When the NBN was first pitched to us over a decade ago, it was going to be this amazing project that wold catapult Australia to the front of the digital game. The things we were promised were amazing, but sadly for us and our blood pressure, those promises wound up getting the Spinning Wheel Of Death and crashing. Hard.

Same.

Nobody is stoked with this outcome, and the Government seems particularly unhappy. Not unhappy that the internet sucks by the way, but unhappy that we keep getting called out on it. They could always try the solution of fixing the damn internet, but it seems that they’d rather give gaslighting the entire country a go.

This week at the Broadband World Forum in Amsterdam, NBN Co will launch its very own internet speed ranking system based on research that they paid for. It’s called the Global Broadband Speed Report, and at the same time as proving how great we are, it’s suspiciously going to ‘debunk’ every other ranking system that has said Australia has terrible internet.

One of those systems is the Ookla Speed Test. Ookla is an American company that has been comparing internet performances since 2006, and nobody seems to have a problem with them except for our Government. 

Back in April this year, an Ookla report ranked Australia’s internet only 62nd in the world, behind developing nations like Kosovo, Kazakhstan, and Barbados.

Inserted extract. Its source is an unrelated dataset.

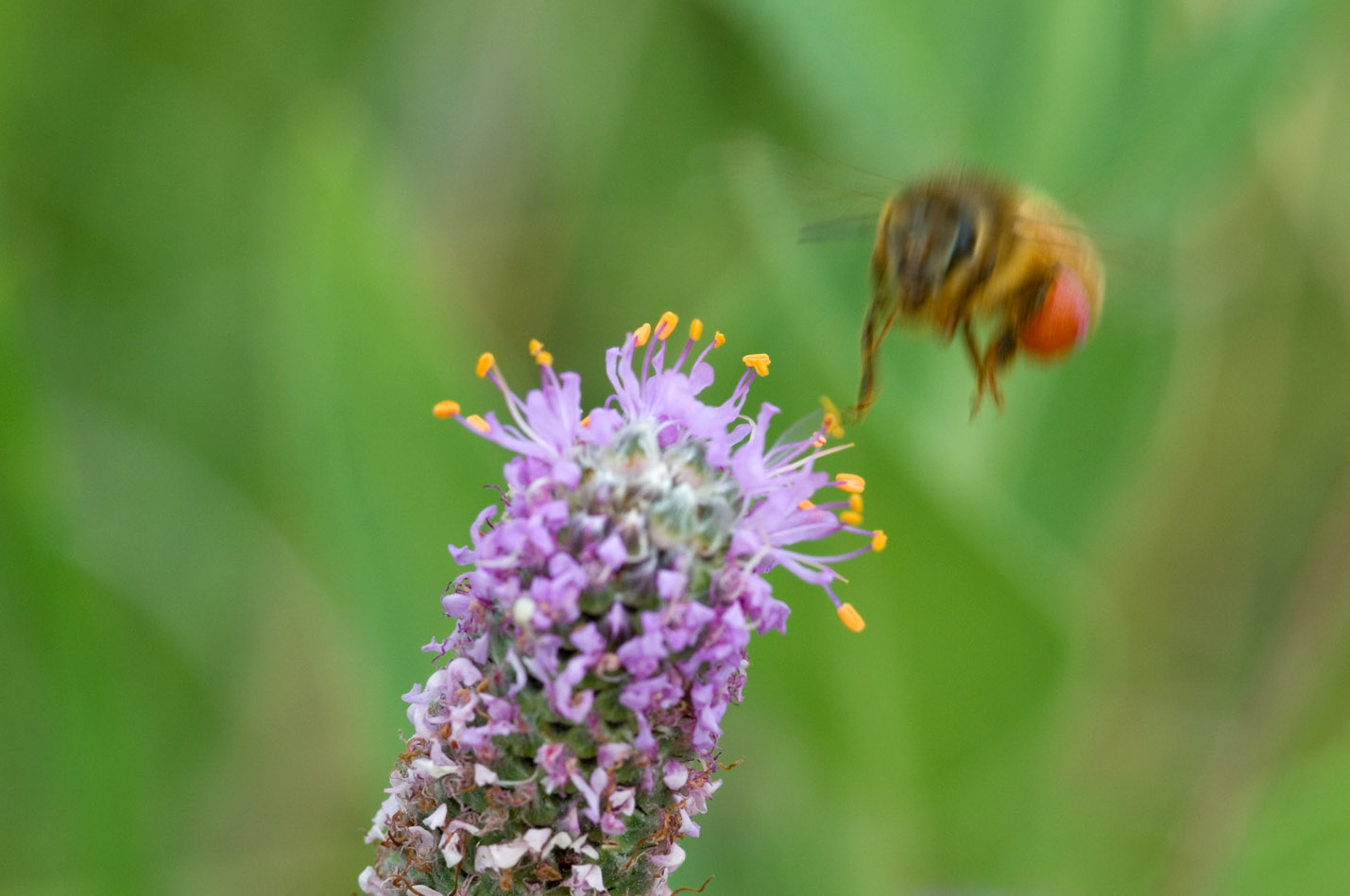 I’ve got lots of photos just like this from about 15 minutes of trying to get one stupid photo of a honey bee. There were hundreds of them buzzing around a big patch of prairie clovers, and they weren’t hard to get close to. They just never stopped MOVING.

If we want to look at numbers, Singapore topped the charts with 199.62 mbps average speed, and the global average speed is 57.91 mbps. Australia crawls in with just 35.11 mbps.

No word on what the Government’s shiny new ranking system will say that Australia should really be coming in at, but my guess is that it will be much (much) higher than 62nd. Problem solved, right?

What a win.

This isn’t the first time they’ve been sprung paying for research to fix a problem. Back in March this year, the NBN Co paid for a report that said the NBN is super accessible and that Australia’s broadband affordability is among the best in the world. That would great except for the fact that this goes directly against the Government’s own findings from 2017 that say the NBN is really hard to afford if you’re in a low income household. I’m guessing that somebody in the Government assumed they’d get away with the different reports as long as nobody was actually able to Google it.

It’s a unique Australian experience to give up on the WiFi and jut use your data in your own house, and the NBN doesn’t look like it’s going to be solving that particular problem any time soon. Strap yourselves in my friends, we’re going to be yelling at our computers for a long time yet.